But in reality, the leak and the subsequent spasms of unrest only affirm what Justice Alito wrote in Dobbs when he said, “Roe was egregiously wrong from the start. Its reasoning was exceptionally weak, and the decision has had damaging consequences. And far from bringing about a national settlement of the abortion issue, Roe and Casey have enflamed debate and deepened division.” 

This sentiment was echoed by a surprising critic of Roe v. Wade, former Supreme Court Justice Ruth Bader Ginsberg, who also argued that the sweeping nature of the decision led to more, not less, division on the question of abortion. “Doctrinal limbs too swiftly shaped,” she once said, “may prove unstable.”

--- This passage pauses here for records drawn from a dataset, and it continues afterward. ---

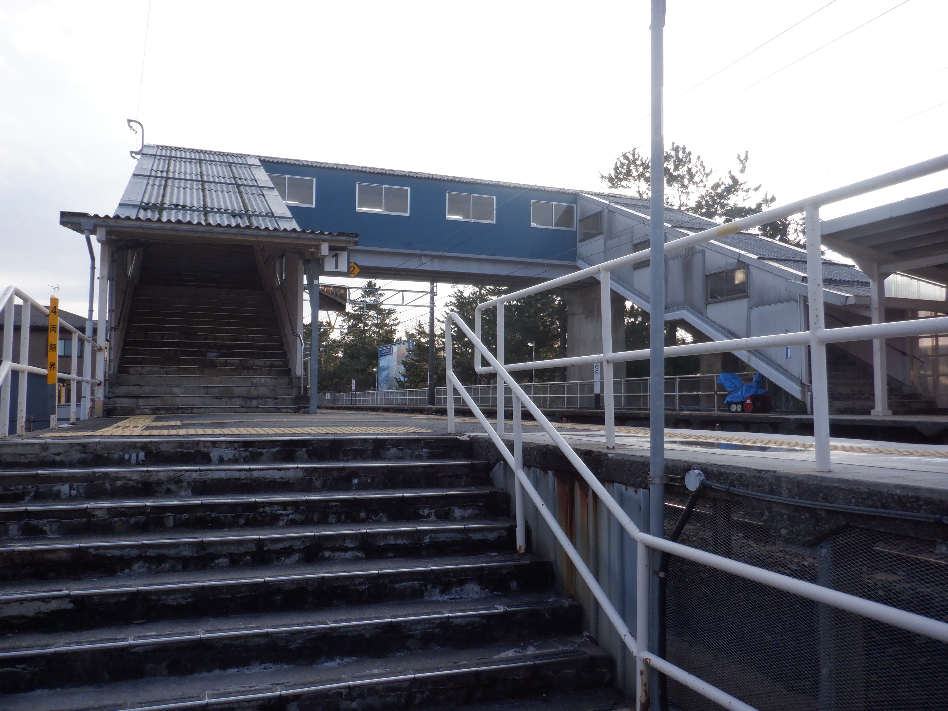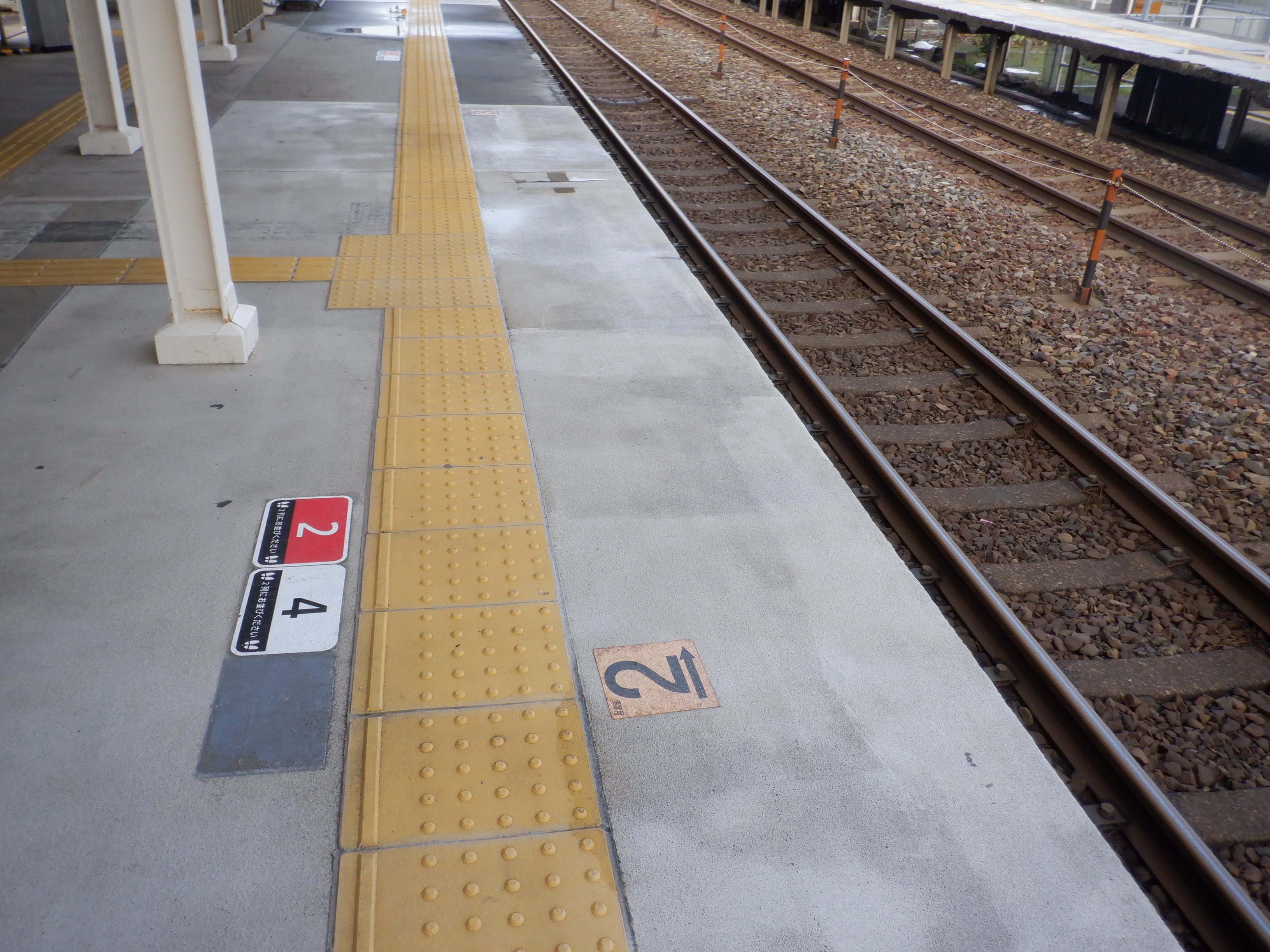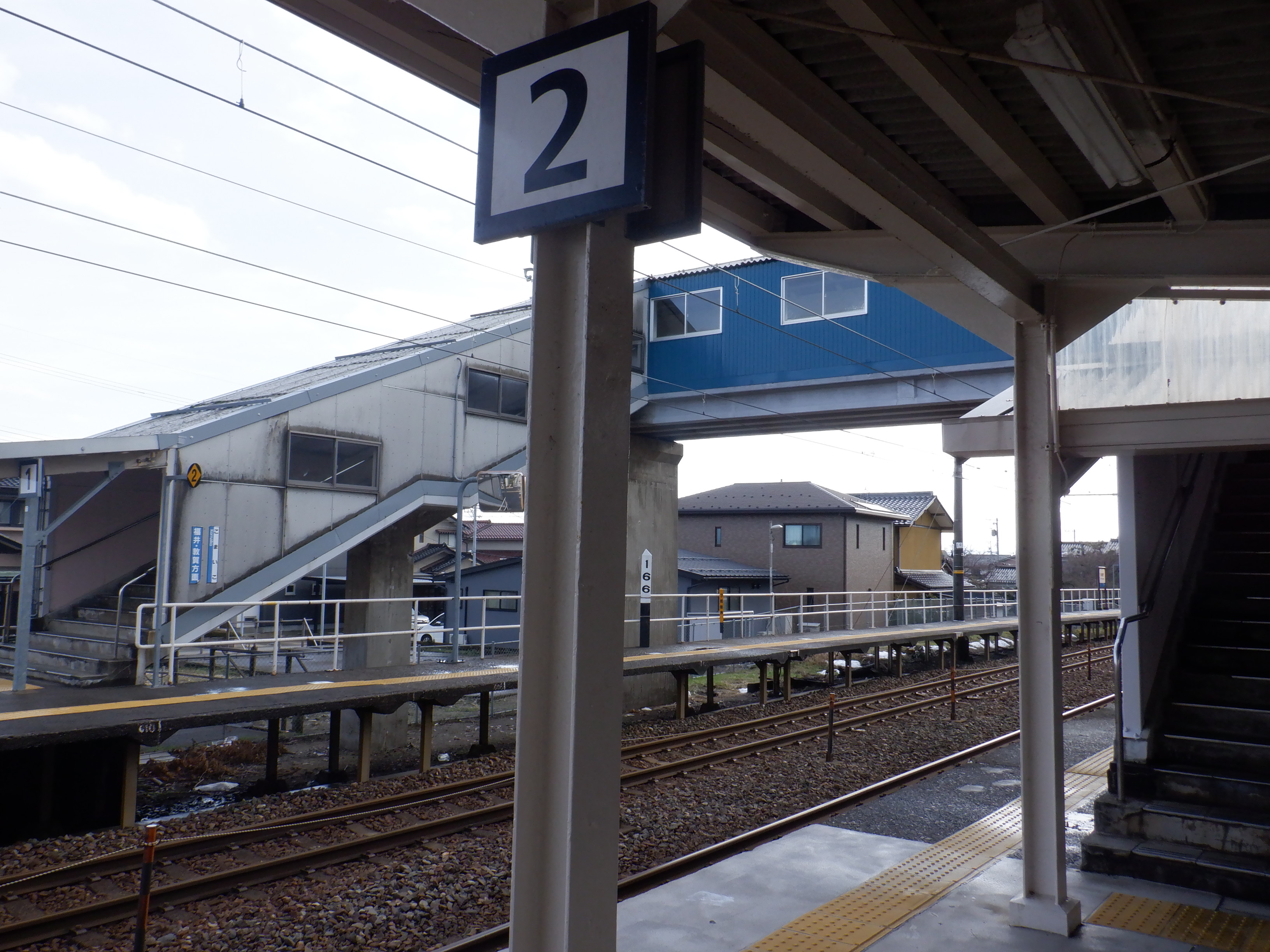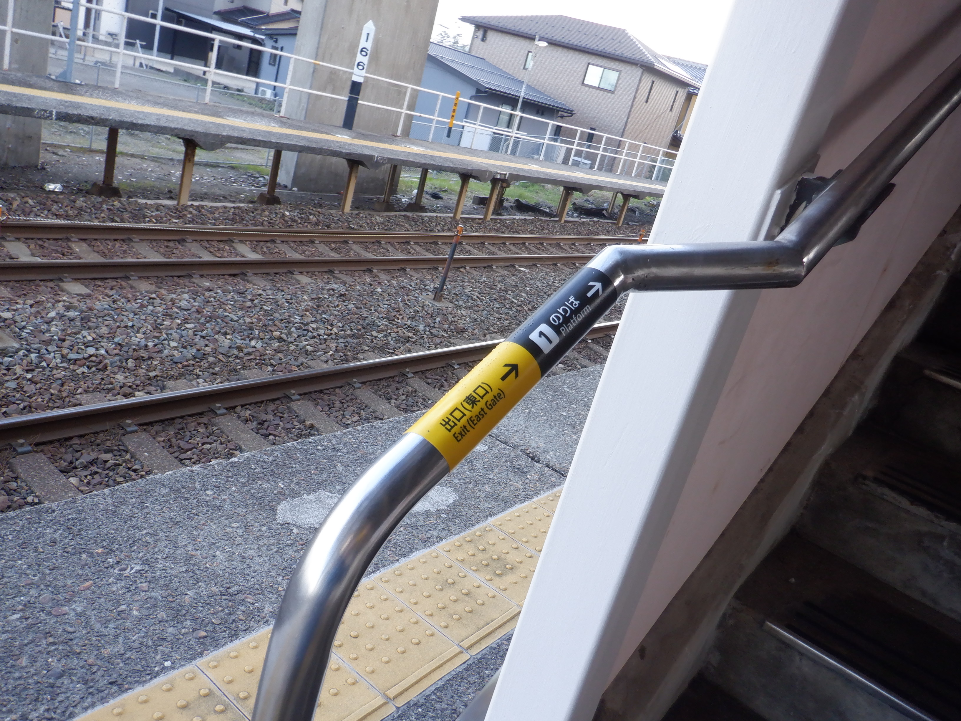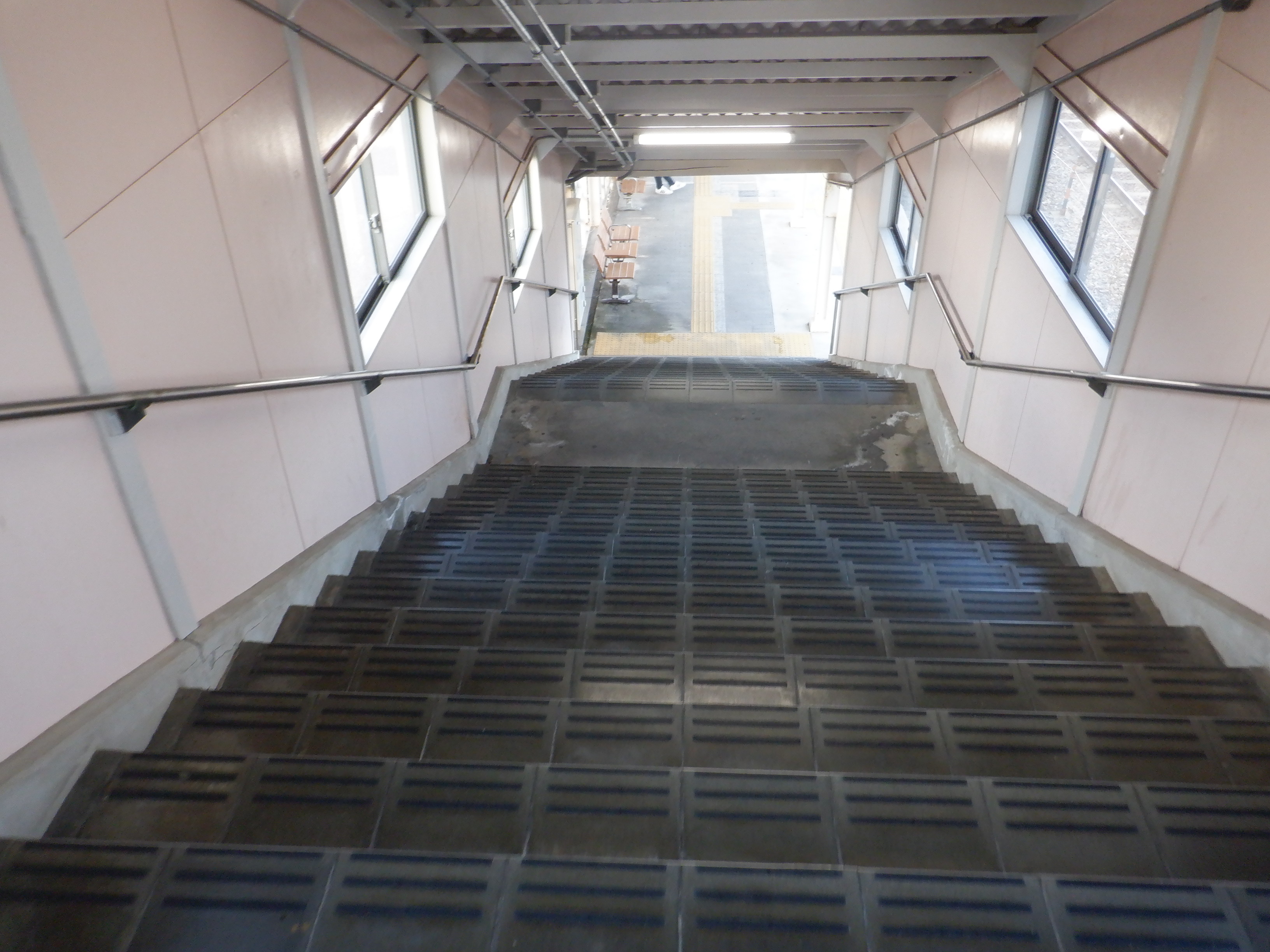 2番のりば上屋付近から。この時点で跨線橋階段の手すりの案内が新しくなったのが確認できます。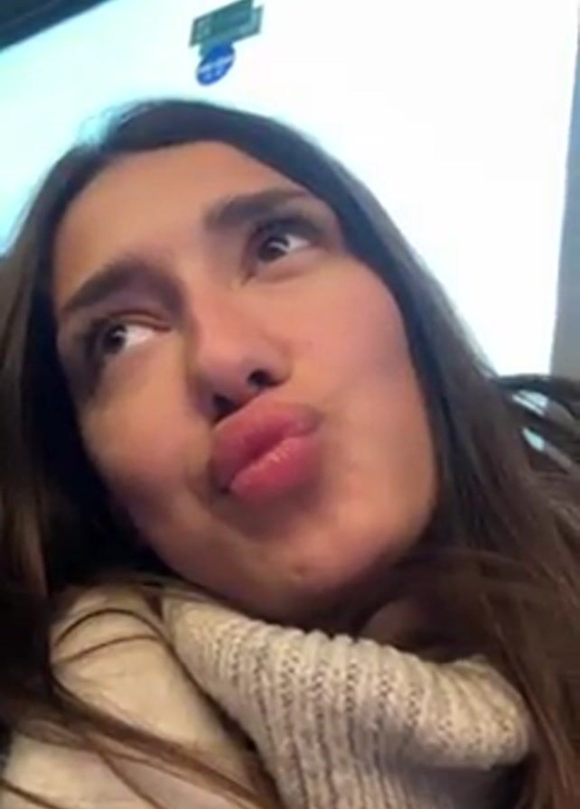 A woman with long brown hair and wearing a white sweater is looking at the camera. She makes a kissing face, then looks to the side, and then smiles. The background appears to be the interior of a bus or train, with a light-colored wall and a sign visible.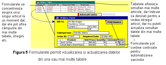Pentru a putea vizualiza, introduce sau modifica usor datele direct intr-o tabela creati un formular (vezi figura 5). Microsoft Access regaseste datele dintr-una sau mai multe tabele si le afiseaza pe ecran utilizand macheta aleasa cu Form Wizard sau folosind o macheta pe care ati creat-o in fereastra Form Design.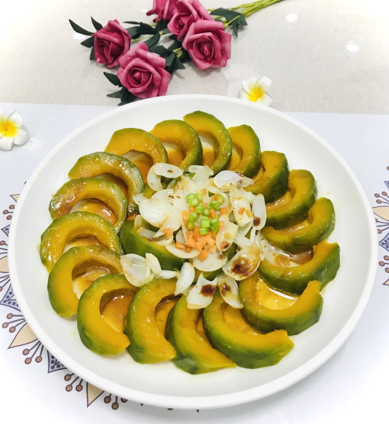 3:南瓜去籽,切小块,加适量食盐搅拌均匀,摆盘,中间放百合。
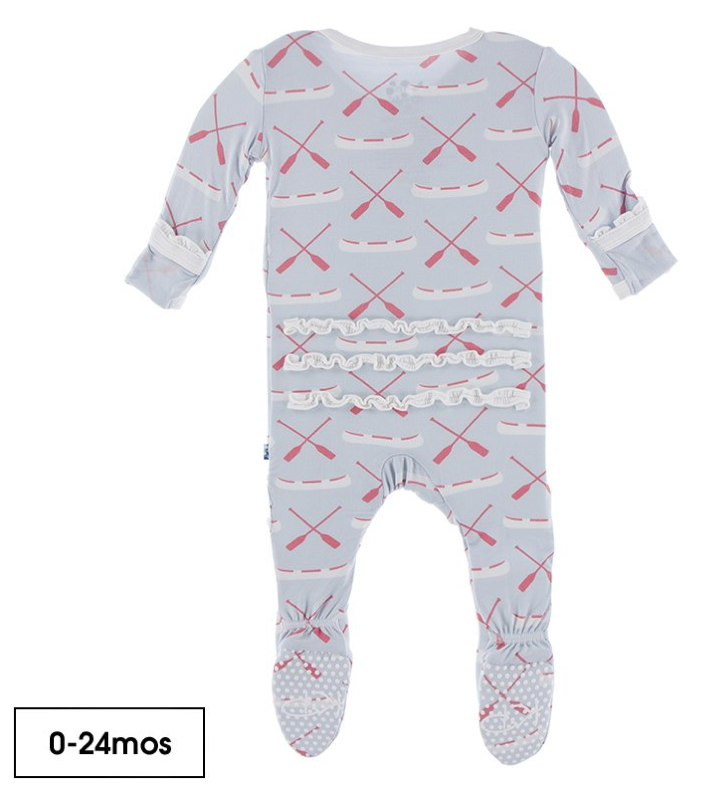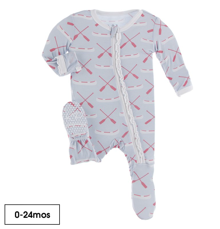 Print Muffin Ruffle Footie with Zipper | Dew Paddles and Canoe – Babycakes Children's Boutique
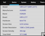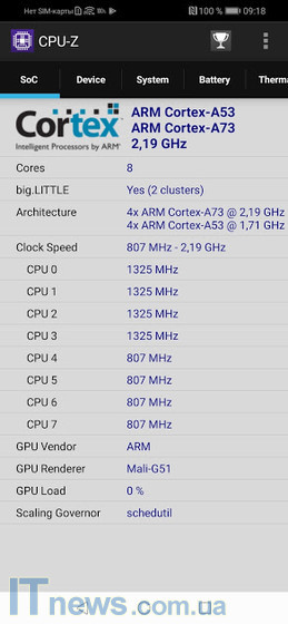 В качестве аппаратной платформы "под капотом" 8-ядерный чип Kirin 710F с тактовой частотой – 2,4 ГГц. Объем оперативной памяти – 4 ГБ. Графика – Mali-G51.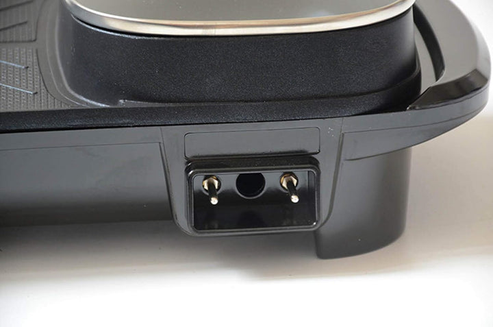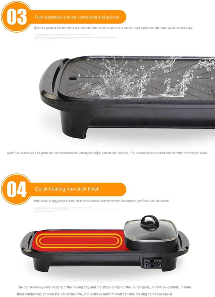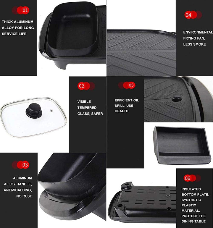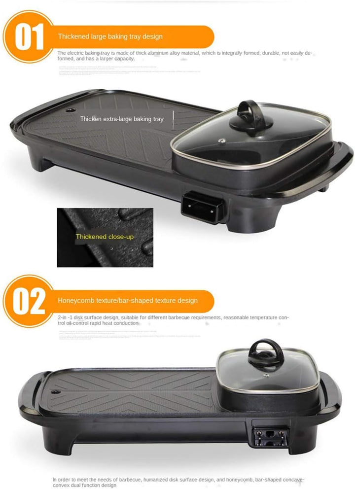 Electric BBQ Grill & Hot Pot 2-in-1 – Smokeless Non-Stick Indoor Roasting Pan, Multi-Functional Shabu Hot Pot, Family Party Use (UK Plug) شواية كهربائية مع قدر ساخن 2 في 1 – بدون دخان، غير لاصقة، للشواء الداخلي والشابو، مثالية للحفلات العائلية (UK Plug)
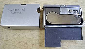 | テレホンカードより小さいのに、手に持つと、ずっしりと重量感がある。金属質感の非常によいカメラ、コーナン16のレストアです。磨くとこのようにきれになりました。 |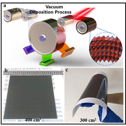 近日,中國科學院大連化學物理研究所薄膜太陽電池研究組研究員劉生忠團隊與陜西師范大學馮江山副研究員團隊合作,在大面積鈣鈦礦太陽電池研究方面取得新進展,采用真空沉積法并結合低溫退火策略制備了400cm2剛性和300cm2柔性高質量甲脒基鈣鈦礦薄膜。此外,該合作團隊成功將此薄膜運用到蒸發甲脒基鈣鈦礦太陽電池上,獲得了文獻可查蒸發鈣鈦礦太陽電池的最高轉換效率。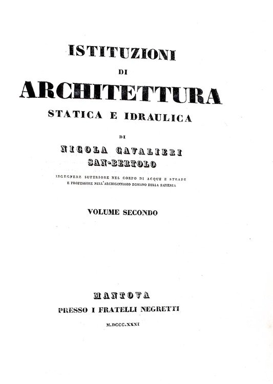 Istituzioni di architettura statica e idraulica. Mantova, presso i fratelli Negretti, 1831.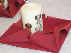 Heute sei erst der offizielle Tag des Treffens, flüsterte mir Bastia ins Ohr. Ja wie, dann war das erst das Vorgeplänkel? Also ich wäre eingedeckt mit Eindrücken, bin ganz im Stress! Gegen 10 gings plötzlich los, überall waren Kromis, Menschen, Kinder, Bobbycars, schreiende Katzen…Himmel! War ich froh, dass es nach einem langen Spaziergang aussah gegen 11 Uhr, aber stellt euch vor, die kamen alle mit! Eine richtige Wallfahrt! Mir hats sehr gefallen, ich war an der Spitze und da gings wunderbar mit den anderen Rüden. Sucre wollte der Sybille frisches Wild besorgen, das wurde gar nicht geschätzt. Die Menschen sind schon komisch… Zurück im Saal wollte ich so gerne die schöne Tischdeko bewundern…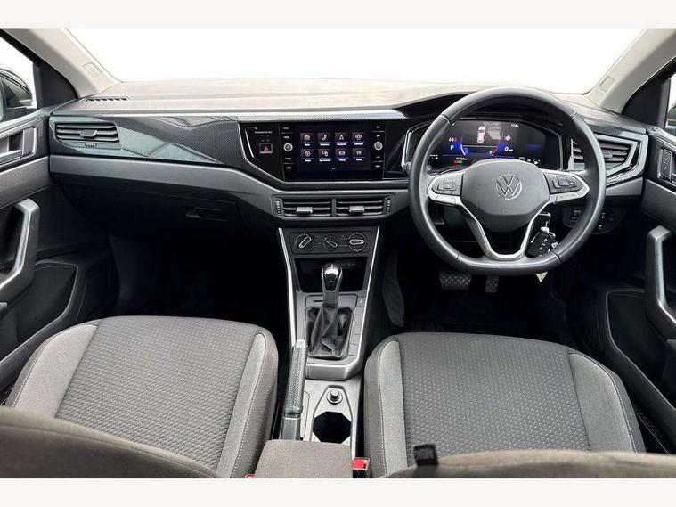 Adaptive cruise control with follow-to-stop and speed limiter, Advanced driver attention and drowsiness monitor, Bluetooth mobile phone interface, Dynamic road sign display, Emergency call service, Power assisted speed sensitive steering, Preparation for navigation system with media and internet package, Preparation for We connect and We connect plus, Speedo and rev counter, electronic odometer, trip, service interval display and exterior temperature gauge, Standard rear axle, Travel Assist - Lane keeping system and traffic jam assist, Travel assist including emergency assist, Trip computer, Warning signal and warning light for front and rear seatbelts not fastened, Washer fluid level indicator, Wireless app connect, Front wheel drive, Rear shock absorpion, Start-stop system with battery regeneration (recuperation - energy recovery during braking), DAB Digital radio, Diversity antenna for FM reception, Automatic dimming interior rear view mirror, Automatic headlight control with LED separate daytime running lights with coming/leaving home function, Body colour bumpers with chrome inserts, Body colour door handles, Body colour door mirrors, Electric front windows, Engine badge deletion, Headlight range adjustment, Heat insulating and laminated safety glass windshield, Heat insulating darkened glass in side and rear windows, Heat insulating glass windscreen, LED Headlights, LED rear combination lamps, Power folding adjustable/heated exterior mirrors and front passenger exterior mirror lowering function, Rain sensor, Rear electric windows, Rear fog light, Rear side wing doors, Rear windscreen washer and wiper with interval delay, Third brake light, 12V power socket in centre console, 2 front and 2 rear reading lights with switch off delay and dimmer, 2 USB-C ports in the front, 2 USB-C charging sockets on the center console in the rear, 3 rear head restraints, 60/40 split folding rear seat and rear seat bench not split, Ceramique roof lining, Chrome plated radiator grille inserts, air vent surrounds and light switch surrounds, Door and side trim panel, Driver and front passenger seat height adjustment, Driver/passenger sunvisors with illuminated vanity mirrors, Front centre armrest, Front seat backrest storage pockets, Front standard seats, Handbrake lever handle in leather, Hartley/Thomas cloth upholstery, Headliner in recycled material, Isofix child seat preparation easy-fit (for two outer rear seats, and front passenger seat) compatible with I-size, Leather trimmed gear knob, Luggage compartment cover, Luggage compartment lighting, Removable luggage compartment floor, Single front passenger seat, Standard climatic zones, Standard pedal cluster, Three spoke leather wrapped multifunction steering wheel with shifting paddles, Light and vision pack - Polo, 3 point height adj front seatbelts + pretensioners, 3x3 point rear seatbelts, ABS, Driver and front passenger airbag with front passenger airbag deactivation, Drivers and front passengers safety optimised head restraints, ESC (Electronic stability control) + EDL (Electronic Differntial lock) and ASR (Traction control), Extended and predictive pedestrian/ cyclist protection, Front assist with autonomous emergency braking (for Adaptive Cruise Control ACC up to 130 mph), Front curtain and side airbags with center airbag, Front disc brakes, Hill hold control, Manual child lock in rear doors, Rear drum brakes, Single tone horn, Tyre pressure loss indicator, Alarm with interior protection, Anti-theft alarm system with interior monitoring, backup horn, and towing protection, Anti-theft wheel bolts, Electronic engine immobiliser, Lava stone black gloss/matt decorative inserts in dash and front door panels, Low rolling resistance tyres,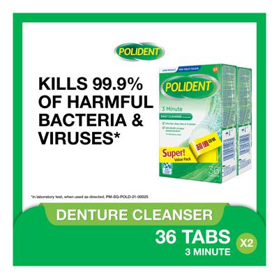 - 1. Drop one Polident tablet into enough very warm water (not hot) to cover denture or partial

Think what you may about abortion, but that Roe made abortion politics more volatile isn’t really debated. 

Roe,” Justice Alito wrote, “was on a collision course with the Constitution from the day it was decided, Casey perpetuated its errors, and those errors do not concern some arcane corner of the law of little importance to the American people. Rather, wielding nothing but “raw judicial power,” ... the Court usurped the power to address a question of profound moral and social importance that the Constitution unequivocally leaves for the people.”

The problem was that reversing that collision course required justices with the valor to risk everything, including their lives, and to forgo all the worldly accolades and “courage and accountability” awards that come with demonstrating actual courage and accountability to the Constitution. And those justices needed one to sign their name for all, and his name is Justice Samuel Alito.

Perhaps Alito’s greatest act of courage was the clarity of his words. He could have crouched behind the kind flowering language that characterized the opinions of justices like Anthony Kennedy or legally confusing jargon that left lower courts scrambling to unpack. Instead he was crystal clear:

“Abortion presents a profound moral question. The Constitution does not prohibit the citizens of each state from regulating or prohibiting abortion. Roe v. Wade and Casey v. Planned Parenthood arrogated that authority. We now overrule those decisions and return that authority to the people and their elected representatives.”

It’s really the clarity of his words that has him and his colleagues paying a heavy price. But ultimately their cost is our gain. Because the nation has lost 50 years of navigating the most difficult moral question of our time to legal confusion and consequently the slow decay of the rule of law. All the while, the science on unborn life has rapidly accelerated and social norms surrounding pregnancy and stigma have been completely overhauled.

The American people were ready to reclaim their rightful democratic role on the issue of abortion. They just needed a man with the courage and clarity of Justice Samuel Alito to bear the cost of restoring it to them.


Ashley McGuire is a Senior Fellow with The Catholic Association.

Leigh Fitzpatrick Snead is a Fellow with The Catholic Association.